> **Directions for this task**
Repeat the records below exactly. Omit the pictures.

> **Input records**
:::

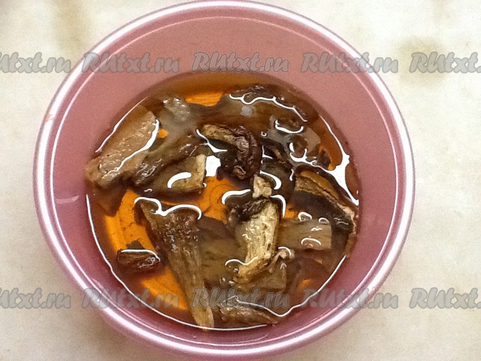 Сухие лесные грибы (у меня - белые) вымыть и замочить в кипяченой воде на 30 минут.
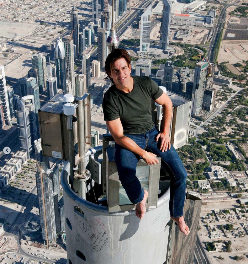 Es sieht wie ein Photoshop-Bild aus, soll aber tatsächlich real sein. Es soll zeigen, wie Tom Cruise auf dem Burj Khalifa sitzt. Und das ohne jegliche Sicherung. Das Foto soll im Rahmen der Dreharbeiten zu Mission Impossible Ghost Protocol entstanden sein.
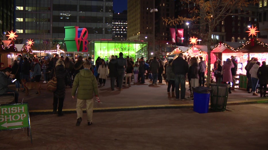 Shoppers hunt for unique last minute Christmas gifts at Christmas Village in LOVE Park.
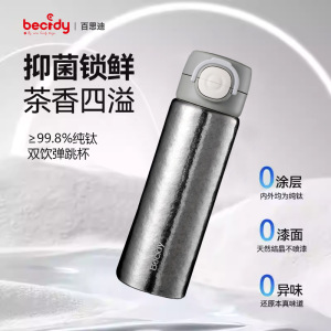 百思迪纯钛保温杯双饮弹盖水杯双层真空钛杯高颜值便携水杯礼品杯
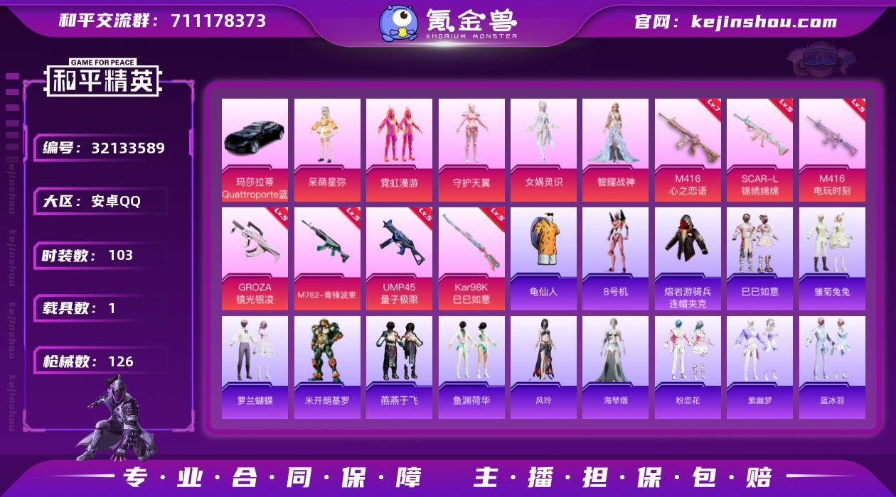 YZJ13125 可二次 安卓Q-1载具5粉装7特效枪4热门103套装126枪皮 39909热力值 精品小女号 满级M4心之恋语 女娲灵识 呆萌星弥 霓虹漫游 兔兔小魔女 破蛋小黄鸡 满级M4电玩时刻 满级斯嘎锦绣绵绵 6印记 历史超级王牌7星 【1载具】 玛莎拉蒂Q蓝色 【5粉装】 女娲灵识 守护天翼 呆萌星弥 霓虹漫游 智耀战神 【7特效枪】 SCAR-L-锦绣绵绵 (5级) M416-心之恋语 (7级) M416-电玩时刻 (5级) Kar98K-巳巳如意 (5级) M762-青锋波束 (5级) UMP45-量子极限 (5级) GROZA-镜光银凌 (5级) 【4热门】 8号机 龟仙人 兔兔小魔女 破蛋小黄鸡 营地ID:925035539
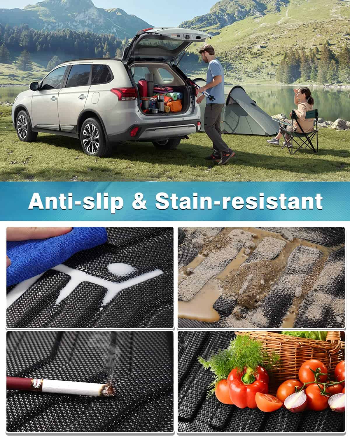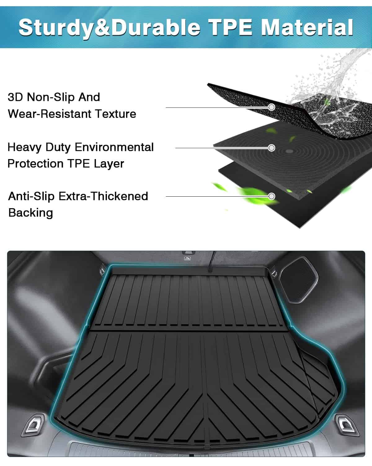 2. Guarda de todas las temporadas y material seguro TPE: El tapete de carga está hecho de materiales TPE duraderos de primera calidad, resistentes al desgaste, antideslizantes e inodoros. El material TPE de alta intensidad y seguro mantiene su flexibilidad en todas las estaciones al tiempo que ofrece una excelente sensación y resistencia extrema al desgaste.
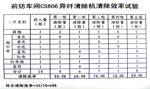 分析清除效率,設(shè)備正常生產(chǎn)中,在異纖機(jī)前級(jí)開棉機(jī)出口投入標(biāo)準(zhǔn)考核異纖樣本,從廢棉中撿出的樣本與樣本總投入數(shù)量的比值。
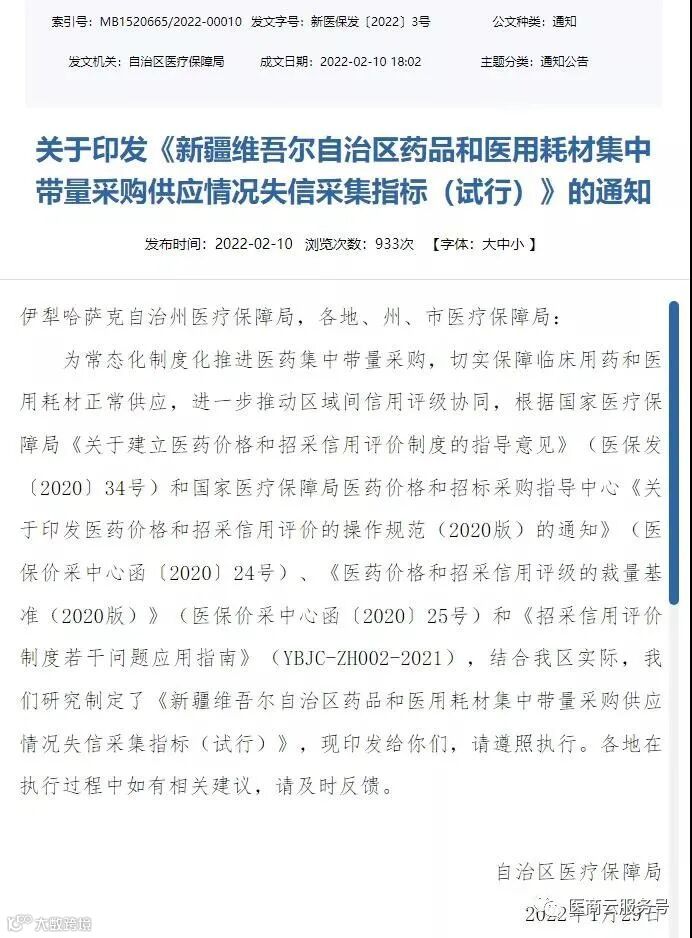 2月10日,新疆维吾尔自治区医疗保障局发布关于印发《新疆维吾尔自治区药品和医用耗材集中带量采购供应情况失信采集指标(试行)》的通知(以下简称通知)。
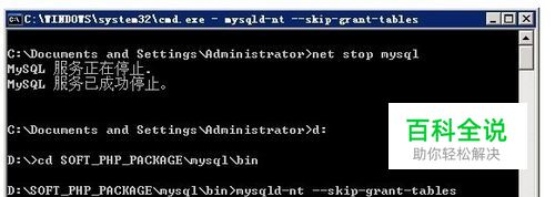 Windows环境的找回方法: 范甘迪说法国 1、打开cmd命令窗口,先输入命令: net stop mysql 回车 #关闭mysql服务。 进入到D:\SOFT_PHP_PACKAGE\mysql\bin\ 目录下,执行mysqld --skip-grant-tables 启动MySQL Server (如果报错,执行mysqld-nt --skip-grant-tables)如图:
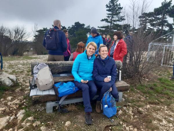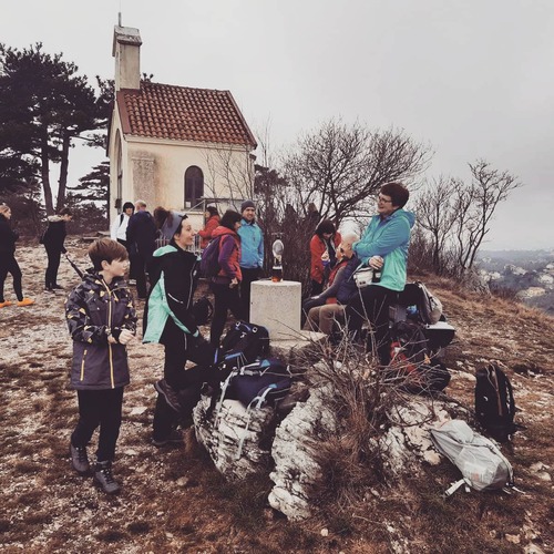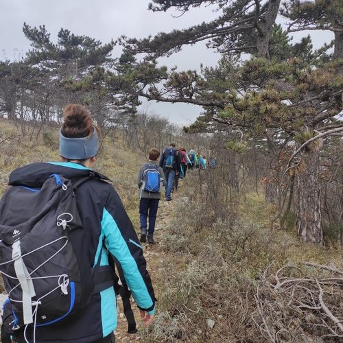 Na kraju se spuštamo do glavne zgrade ove utvrde pa malo dalje od starog libanonskog cedra i s maglovitim pogledom na Rijeku imamo trenutak za drugo grupno fotkanje. Tu se pomalo opraštamo od brda Katarina i vraćamo se prema autima. Napravili smo kružnu turu, razgibali se, podružili i vidjeli i čuli štošta novo, a stižemo i kući na ručak.

:::

> **Response for this exercise**
 Сухие лесные грибы (у меня - белые) вымыть и замочить в кипяченой воде на 30 минут.
 Es sieht wie ein Photoshop-Bild aus, soll aber tatsächlich real sein. Es soll zeigen, wie Tom Cruise auf dem Burj Khalifa sitzt. Und das ohne jegliche Sicherung. Das Foto soll im Rahmen der Dreharbeiten zu Mission Impossible Ghost Protocol entstanden sein.
 Shoppers hunt for unique last minute Christmas gifts at Christmas Village in LOVE Park.
 百思迪纯钛保温杯双饮弹盖水杯双层真空钛杯高颜值便携水杯礼品杯
 YZJ13125 可二次 安卓Q-1载具5粉装7特效枪4热门103套装126枪皮 39909热力值 精品小女号 满级M4心之恋语 女娲灵识 呆萌星弥 霓虹漫游 兔兔小魔女 破蛋小黄鸡 满级M4电玩时刻 满级斯嘎锦绣绵绵 6印记 历史超级王牌7星 【1载具】 玛莎拉蒂Q蓝色 【5粉装】 女娲灵识 守护天翼 呆萌星弥 霓虹漫游 智耀战神 【7特效枪】 SCAR-L-锦绣绵绵 (5级) M416-心之恋语 (7级) M416-电玩时刻 (5级) Kar98K-巳巳如意 (5级) M762-青锋波束 (5级) UMP45-量子极限 (5级) GROZA-镜光银凌 (5级) 【4热门】 8号机 龟仙人 兔兔小魔女 破蛋小黄鸡 营地ID:925035539
 2. Guarda de todas las temporadas y material seguro TPE: El tapete de carga está hecho de materiales TPE duraderos de primera calidad, resistentes al desgaste, antideslizantes e inodoros. El material TPE de alta intensidad y seguro mantiene su flexibilidad en todas las estaciones al tiempo que ofrece una excelente sensación y resistencia extrema al desgaste.
 分析清除效率,設(shè)備正常生產(chǎn)中,在異纖機(jī)前級(jí)開棉機(jī)出口投入標(biāo)準(zhǔn)考核異纖樣本,從廢棉中撿出的樣本與樣本總投入數(shù)量的比值。
 2月10日,新疆维吾尔自治区医疗保障局发布关于印发《新疆维吾尔自治区药品和医用耗材集中带量采购供应情况失信采集指标(试行)》的通知(以下简称通知)。
 Windows环境的找回方法: 范甘迪说法国 1、打开cmd命令窗口,先输入命令: net stop mysql 回车 #关闭mysql服务。 进入到D:\SOFT_PHP_PACKAGE\mysql\bin\ 目录下,执行mysqld --skip-grant-tables 启动MySQL Server (如果报错,执行mysqld-nt --skip-grant-tables)如图:
 Na kraju se spuštamo do glavne zgrade ove utvrde pa malo dalje od starog libanonskog cedra i s maglovitim pogledom na Rijeku imamo trenutak za drugo grupno fotkanje. Tu se pomalo opraštamo od brda Katarina i vraćamo se prema autima. Napravili smo kružnu turu, razgibali se, podružili i vidjeli i čuli štošta novo, a stižemo i kući na ručak.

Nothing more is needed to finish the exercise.